Restaurant information
- Established: 2009
- Owner: Nong Poonsukwattana
- Food type: Thai
- Location: 609 SE Ankeny St C and 417 SW 13th Ave, Portland, Multnomah, Oregon, United States
- Coordinates: 45°31′21″N 122°39′34″W﻿ / ﻿45.52238°N 122.65940°W
- Website: khaomangai.com

= Nong's Khao Man Gai =

Restaurant in Portland, Oregon, U.S.

Nong's Khao Man Gai is a Thai restaurant located in Portland, Oregon which primarily serves Khao man gai, a chicken and rice dish originating in Southeast Asia.

==History==
Nong's Khao Man Gai was founded by Nong Poonsukwattana in 2009. Poonsukwattana emigrated to Oregon from Bangkok, Thailand in 2003. She arrived with $70 and a suitcase. Poonsukwattana began working as a waitress at several restaurants in Beaverton, Oregon before eventually receiving a position at Pok Pok, a Thai restaurant in Portland. At Pok Pok, she was the only Thai cook. Poonsukwattana was later able to purchase a food cart off Craigslist for $1,300, and, in 2009, opened Nong's Khao Man Gai as a food cart at Southwest 10th Avenue and Alder Street, serving chicken and rice every day until the product ran out.

The first brick and mortar restaurant is located in southeast Portland's Buckman neighborhood.

In 2014, the restaurant was featured on Chopped. American chef Andrew Zimmern visited for an episode of the Travel Channel series The Zimmern List. Nong's Khao Man Gai was a vendor at the first Taste of Thailand festival in 2024.

== Reception ==
Nong's Khao Man Gai was included in The Infatuation's 2024 list of Portland's best restaurants.
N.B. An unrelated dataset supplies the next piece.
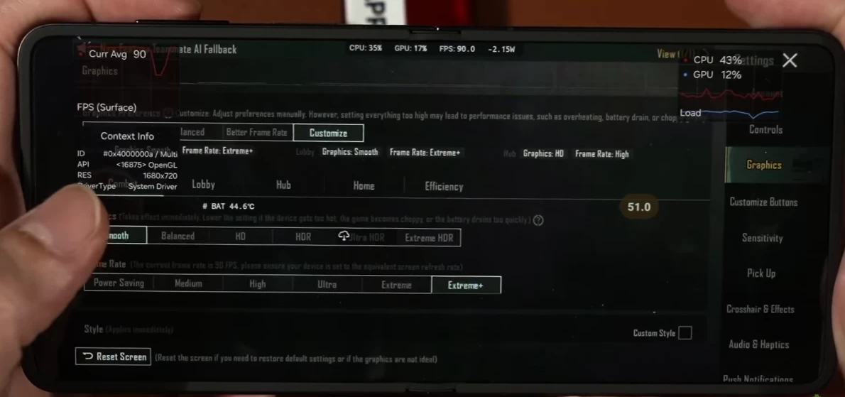 Графика в PUBG Mobile выставлена на низкий пресет и максимальный фреймрейт. Получаем 80-90 кадров.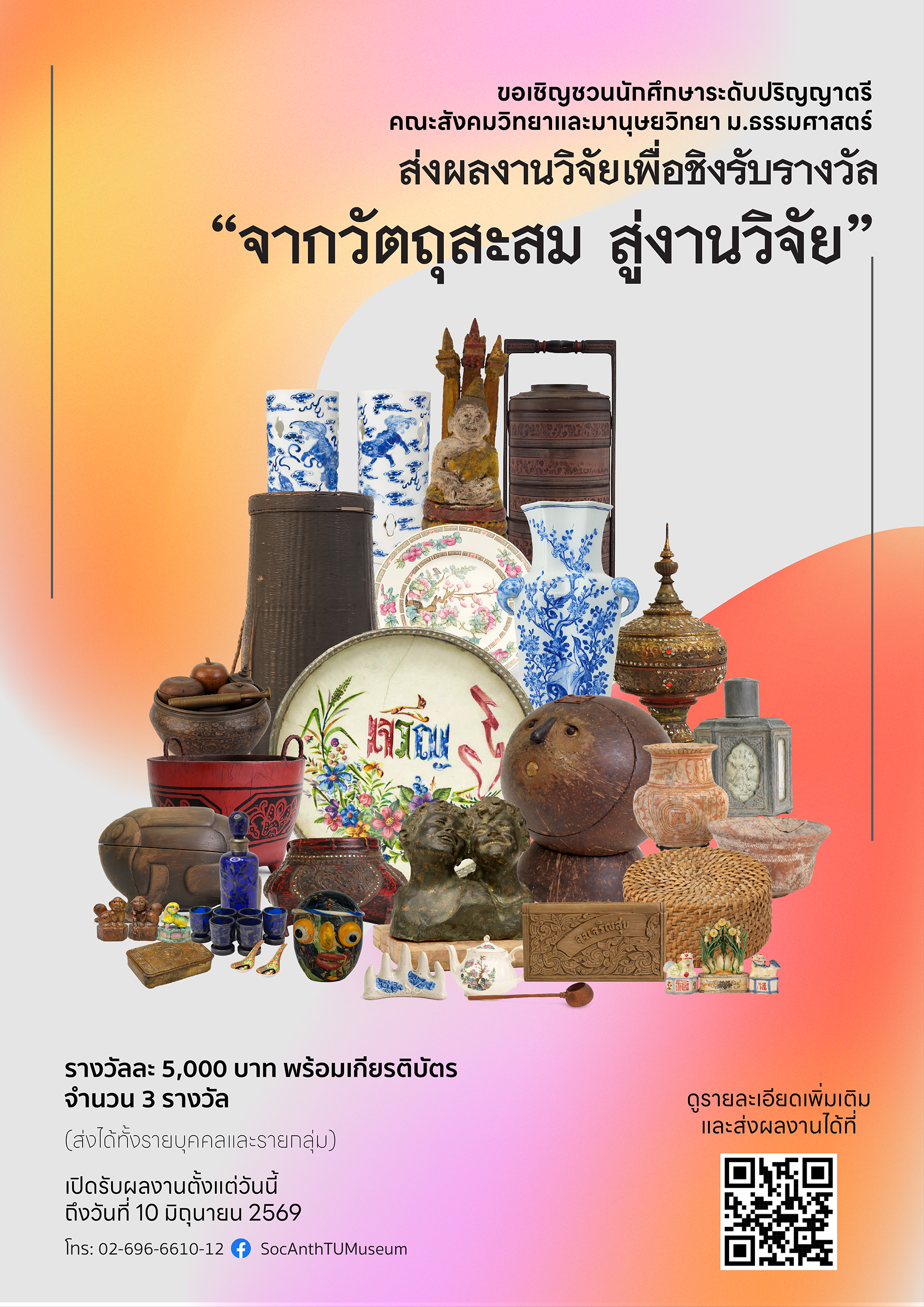 พิพิธภัณฑ์ธรรมศาสตร์เฉลิมพระเกียรติ เชิญชวนนักศึกษาระดับปริญญาตรี คณะสังคมวิทยาและมานุษยวิทยา มหาวิทยาลัยธรรมศาสตร์ ร่วมส่งผลงานวิจัย ที่มาจากการศึกษาวัตถุสะสมของพิพิธภัณฑ์ฯ เข้าชิงรางวัล 5,000 บาทพร้อมเกียรติบัตร จำนวนรางวัล 3 รางวัล ส่งผลงานได้ตั้งแต่วันนี้-ถึง 10 มิถุนายน 2569

Katrina Yentch included the business in Eater Portlands 2025 overview of the best restaurants in Buckman. Michael Russell included the business in The Oregonians 2025 list of the 21 best restaurants in southeast Portland. He ranked Nong's number 24 in the newspaper's 2025 list of Portland's 40 best restaurants. The business was included in Portland Monthly's 2025 list of 25 restaurants "that made Portland". Writers for Portland Monthly included the khao man gai in a 2025 list of the city's "most iconic" dishes.